Rachel rolls her eyes. “I refuse to answer that question on account of the fact that I don’t find smugness attractive.”

Quinn smiles and taps her nails against her mug.

“What now?” Rachel asks.

“I don’t really know. Except I’m single, and I might need to retake AP Biology next year. … oh, and Brittany and Santana are planning on coming out tonight--”

“Wow. Wow. I mean, it’s about time, but still,” Rachel says, blinking rapidly. “Really?”

Quinn smiles. “Yeah. So Cheerios is going to be fun next year, because I’m sure Coach will love this, and on top of that I have to deal with this little dictator who constantly yells at me during glee--”

“Hey, I’m merely demonstrating efficient co-captaincy, thank you.”

“My only point is, I don’t really know how I got here, and I’m not really sure I--I mean.

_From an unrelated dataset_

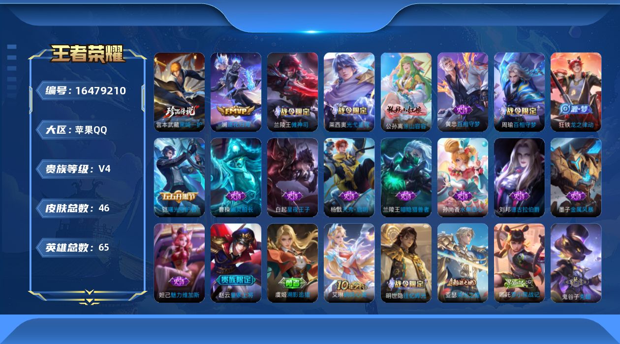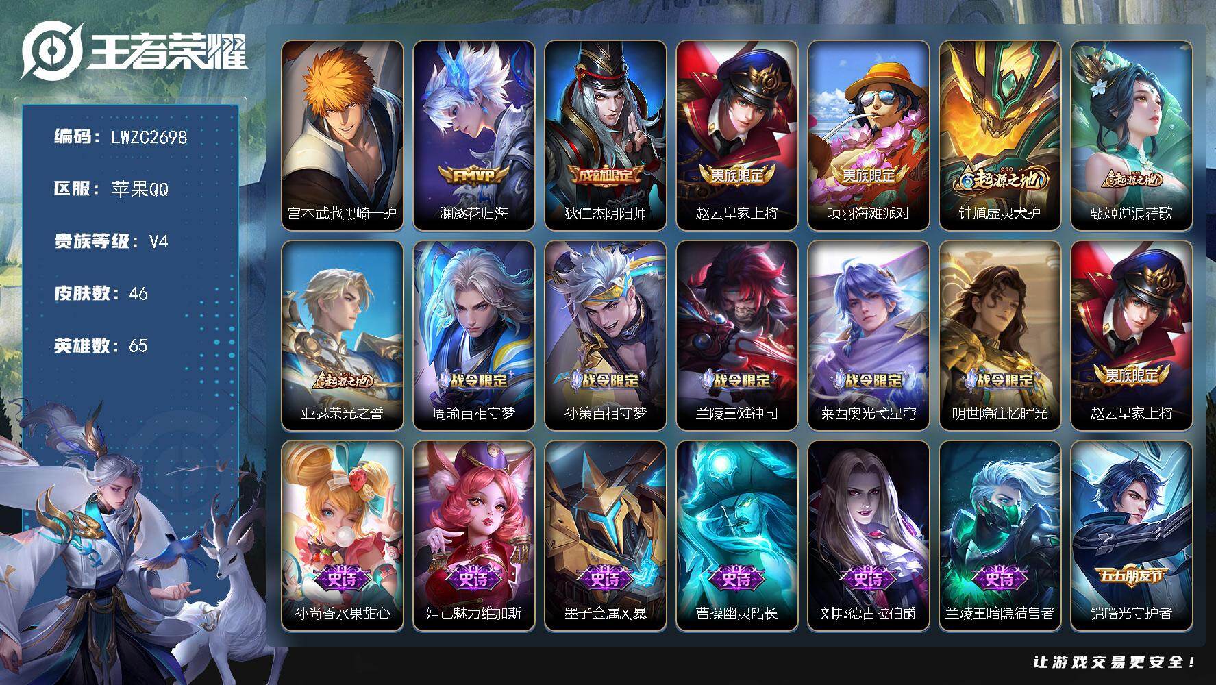 [16479210]【店主推荐捡漏号!可直接换绑】苹果Q-V4-至尊星耀IV段位-65英雄-46皮肤-1珍品传说-1传说-16史诗 【珍品传说】:宫本武藏黑崎一护 【传说皮肤】:澜逐花归海 【限定皮肤】:狄仁杰阴阳师,赵云皇家上将,项羽海滩派对 【赛季限定】:钟馗虚灵犬护,甄姬逆浪荇歌,亚瑟荣光之誓 【战令限定】:周瑜百相守梦,孙策百相守梦,兰陵王傩神司,莱西奥光弋星穹,明世隐往忆晖光 【史诗皮肤】:赵云皇家上将,孙尚香水果甜心,妲己魅力维加斯,墨子金属风暴,曹操幽灵船长,刘邦德古拉伯爵,兰陵王暗隐猎兽者,铠曙光守护者,白起星夜王子,杨戬天秀启明,狂铁龙之律动,周瑜百相守梦,黄忠百相守梦,公孙离涂山容容,莱西奥光弋星穹,兰陵王傩神司 【其他皮肤】:项羽海滩派对,达摩大发明家,赵云忍炎影,牛魔西部大镖客,亚瑟死亡骑士,达摩拳王,甄姬花好人间,狄仁杰阴阳师,马可波罗潮玩牛仔,钟馗虚灵犬护,白起死霸装,甄姬逆浪荇歌,孙策百相守梦,庄周锦麟游梦,莱西奥踏浪烽翎,鬼谷子克喵,哪吒罗小黑战记,亚瑟荣光之誓,明世隐往忆晖光,艾琳鹤鸣心笺,虞姬溯影追猎,后羿精灵王,杨戬埃及法老,女娲尼罗河女神,裴擒虎街头旋风,司马懿魇语军师,马超幸存者,司空震启蛰 【营地ID】:1632648500

You’re not gay. I’m going to have to spend a lot of time in therapy, I think. So we probably should just--take it easy.”

“I was going to propose something similar, albeit with less stuttering and maybe a flow chart to illustrate the key points,” Rachel says, saving her from fumbling even more.

Quinn looks back at her chocolate for a few awkward seconds and then grins. “So--you weren’t just trying to get me to go to prom, were you? I actually won?”

“I don’t think you know how to lose, Quinn,” Rachel says, with a smile.

*

She doesn’t bother correcting Rachel by pointing out her plan for junior year has failed on pretty much every single point.

The truth is, she feels pretty victorious anyway.